Patients and methods
This case–control study involved 30 patients with HCC, 30 patients with liver cirrhosis, and 15 healthy controls. Clinical examination, abdominal ultrasonography, and triphasic computed tomography for focal lesion were performed. Liver function tests were performed using clinical autoanalyzer, serum α-fetoprotein (AFP) was measured using enzyme-linked immune-sorbent assay method, and GP73 was determined by enzyme-linked immune-sorbent assay kit for GP73. Data were collected and statistically analyzed.
Results
GP73 was highly significantly higher in HCC group than cirrhotic and control groups. The sensitivity of GP73 in diagnosis of HCC was 83% and the specificity was 74%, at a cutoff point of 111 ng/ml, elicited from the receiver operator characteristic curve, with very good area under curve of 0.909, whereas that the sensitivity of AFP was 36.7% and the specificity was 100% at a cutoff point of 400 ng/ml, elicited from the receiver operator characteristic curve, with very good area under curve of 0.903.
Conclusion
GP73 is highly associated with HCC and is more sensitive than AFP for early detection of HCC.

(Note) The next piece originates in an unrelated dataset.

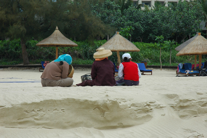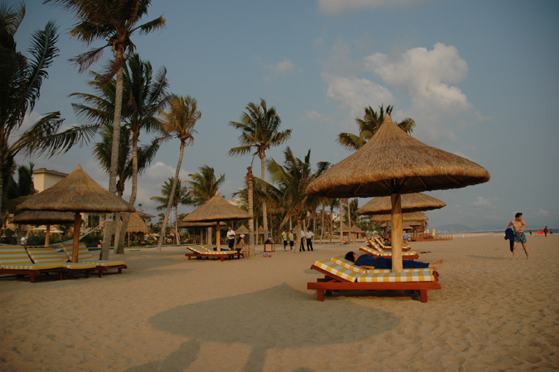 过年前就已经订好了上海/三亚的来回机票以及酒店。但是不经意间在网上看到了一篇令我心惊胆战的文章,讲述了他们在天涯海角的恐怖遭遇,直接导致了我们根本放弃了此处景点。 3月17日,中午12点05分,搭乘南航的航班离开浦东机场,于下午3点左右抵达三亚凤凰机场。乘坐出租车抵达 凯宾斯基 酒店,车费打表约25元。大约15分钟左右的车程。我们刚上车的时候,司机开价50元。由于事先已经了解酒店到机场的距离仅为10公里,所以要求司机打表。可是到了酒店2天后,才发现我们带去的三角架不见了,猜想是否司机故意没有让酒店的行李员取出。去跟酒店交涉,他们说既然我们不能提供出租车的发票,而且也不是酒店安排的接机,所以他们也是无能为力。此举似乎有点不太符合 凯宾斯基 这块牌子。我们是订的山景房。1250 / 晚,含早。包括服务费以及政府税。酒店的房间很大,很新,床也很大。但是感觉床架子的设计有问题,走路时腿很容易就被绊到。卫生间和淋浴房是分开的,阳台上有大浴缸,可以一边欣赏风景,一边享受。当天晚上就在酒店里中餐馆吃的晚饭。点了文昌鸡,其他的忘了,总之大约4个菜,2瓶啤酒,400多块。很贵。 3月18日,由于LG带的大多是长裤,决定去三亚市区内买几条短的,两人乘上了酒店门口招徕生意的面包车,到了解放路(10/人),司机让我们下车,说这里离步行街已经很近了,没想到我们还是步行了大约半个多钟头才到步行街。当然我们并不介意,因为一路上也能看到当地居民的真实的生活状态。买好LG需要的短裤,LG又看中了海南衫,于是一人买了一件(168/件)个人感觉这个价钱有点贵,不过由于是在商场里面买的,也不能还价,看着质量也还可以。中午就在麦当劳里解决了,里面的辣汉堡吃起来感觉比上海的要辣很多!又在街边买了一些芒果,7块钱,买了大约2个大芒果,4个小芒果。没有去传说中的第一市场。然后搭乘204路车(1块/人),在友谊路换乘206路回到酒店(2块/人)。回酒店后,忍不住换了游泳衣,在酒店漂亮的游泳池里嬉戏一番。晚饭是在酒店的宝来纳吃的,点了一个二人套餐,端上来后却是冷的,告诉服务生后,换了一份,还是不够热,感觉就好像食物并不是现做的,而是半成品用微波炉加热的。跟我们在德国时吃的食物简直就是天壤之别。2扎淡啤加上2人套餐,接近400元。LG直呼不值。 3月19日,早餐后,决定自己出去走一走,跟LG两个人,出了酒店,就往着天涯海角的方向一路慢慢走去,一路上有很多拉客的三轮车,到天涯海角只要1块钱一个人,不过由于我们觉得步行比较有意思,遂没有上车。途中看到有一个爱心大世界,里面有一些动物表演,买了门票以(55元/人)以及园内电瓶车(10元/人),园内有一些老虎,鳄鱼还有大象表演,跟在泰国看到的差不多,并无新意。不过里面也有一个海滩,倒是可以去走走,几乎没有人,同LG同志两人倒很是享受了一下空无一人的海滩,以及海滩上各种各样的贝壳。(当然都是一些小小的,那些很大的比较好看的,早就被当地人捡了卖钱了。 出了爱心世界,搭上一辆三轮车到了天涯海角的大门口,想想在网上看到的文章,终于没有买票进去。(60元/人,不过门口有很多人说是帮忙可以买到优惠票,只要30块/人,不知道有什么区别?)我们两人就在门口买了2个大芒果,然后乘出租车回到凯宾斯基(8块)。回到酒店已经是3点左右,在我们平时吃早餐的地方,吃了晚中饭,也可以叫做早晚饭,LG要了汉堡,我要了印尼炒饭,味道不错。大约花费200块。今天最省,因为没有吃晚饭。但是9点多钟时,LG同志觉得有些无聊,遂到酒店大堂吧,要了饮料,坐在沙发上,享受了一下美丽的三亚湾的夜景。 3月20日,10点左右离开 凯宾斯基,乘出租车(150块)去了亚龙湾的 天域酒店。我们订了一期的豪华海景大床房(1410 / 晚,含早以及服务费,不含政府税)感觉酒店的房间有些旧了,卫生间也相对凯宾斯基来说有些小了。阳台也小,床也小一些。不过从房间里看出去的景色还是很美的,大海,沙滩,海中的小岛,椰子树,沙滩上嬉戏的游人。亚龙湾的沙滩感觉比三亚湾的要细软一些。当然也没有在三亚湾处处可以看到的贝壳了。晚上在酒店的船屋海鲜餐馆吃饭。2个人,4个菜,2瓶啤酒,540元。恶巨。 3月21日,因为第二天下午的航班就要返回上海了,于是我们决定选择一个一日游的景点。我们选了槟榔园(好像是这个名字)和吴蜈支洲岛,槟榔园里面有古老的蚩尤部落,还有一些黎族和苗族人生活在那里。门票好像是165/人,感觉也没什么好玩的。至于蜈支洲岛123/人,如果不打算参加潜水和水上运动的,建议不用去那里。因为风景并不出色。上午10点半左右离开天域酒店,大约5点钟回到酒店。在从蜈支洲岛回来酒店的途中经过芒果园,遂停车买了一些芒果,1.5/斤,买了一大堆,10块人民币。又新鲜又好吃。从来没有吃过那么好吃的芒果。晚上在酒店的椰林饭店吃的晚饭,再次点了文昌鸡,还有椰子饭,感觉比较适合本人的口味。消费大约300左右。 3月22日,航班是下午4点的,约了前一天带我们一日游的的士司机2点半来酒店接我们去机场,本想Late Check out, 但是电话打到前台,被告知因为酒店房间已经订满,一定要我们12点退房。没办法,准时退房,将行李寄存在酒店里。我们到酒店对面的购物中心里逛了一下,也没什么可看。仍旧回到酒店的“面屋”,LG和我每人要了一碗面条,另外叫服务员小妹拿了一碟黄辣酱,吃

Keywords: α-fetoprotein, enzyme-linked immune-sorbent assay, Golgi protein 73, hepatocellular carcinoma


How to cite this article:
Dala AG, Ezz EAA, Sonbol AA, Ibrahim AS. Study of Golgi protein 73 in patients with hepatitis C virus-related hepatocellular carcinoma. Menoufia Med J 2021;34:564-9

How to cite this URL:
Dala AG, Ezz EAA, Sonbol AA, Ibrahim AS. Study of Golgi protein 73 in patients with hepatitis C virus-related hepatocellular carcinoma. Menoufia Med J [serial online] 2021 [cited 2024 Mar 29];34:564-9. Available from: http://www.mmj.eg.net/text.asp?2021/34/2/564/319679




  Introduction Top


Liver cancer is the fifth most common cancer and the second most frequent cause of cancer-related death globally [1]. Approximately, 80–90% of hepatocellular carcinoma (HCC) cases occur in the setting of underlying cirrhosis; thus, any etiological agent leading to cirrhosis should be considered as a risk factor for HCC [2]. The current guidelines recommend surveillance for individuals with cirrhosis using liver US with/or without α-fetoprotein (AFP) every 6 months [3]. The lack of effective screening tests necessitates investigation for new HCC markers [4]. Golgi protein 73 (GP73) is a 73-kDa type II Golgi membrane protein expressed mostly in epithelial cells of many human tissues. In normal livers, GP73 is consistently present in biliary epithelial cells. Nevertheless, the expression of GP73 was notably increased in numerous liver diseases, especially in HCC cells [5]. GP73 is reported to be a novel tumor marker for HCC. The collective conclusion from many studies is that the sensitivity and specificity of serum GP73 levels as a diagnostic marker are superior to those of AFP for HCC [6],[7]. The aim of this study is to investigate the expression of GP73 in serum in patients with HCC and determine its efficacy as a screening test in early detection of HCC.


  Patients and methods Top


This case–control study consisted of 75 participants who visited the Oncology and Internal Medicine Department at Menoufia Liver Institute during the period from June 2018 till December 2018.

Participants were classified into three groups: group I included 30 patients with HCC, group II included 30 patients with liver cirrhosis, and group III included 15 healthy participants as a control group.

Inclusion criteria included patients with hepatitis C virus-related liver cirrhosis and HCC, whereas patients with other malignancies or HCC distant metastasis were excluded.

Medical history taking and complete physical examination with particular emphasis on signs of chronic liver disease were done for all participants.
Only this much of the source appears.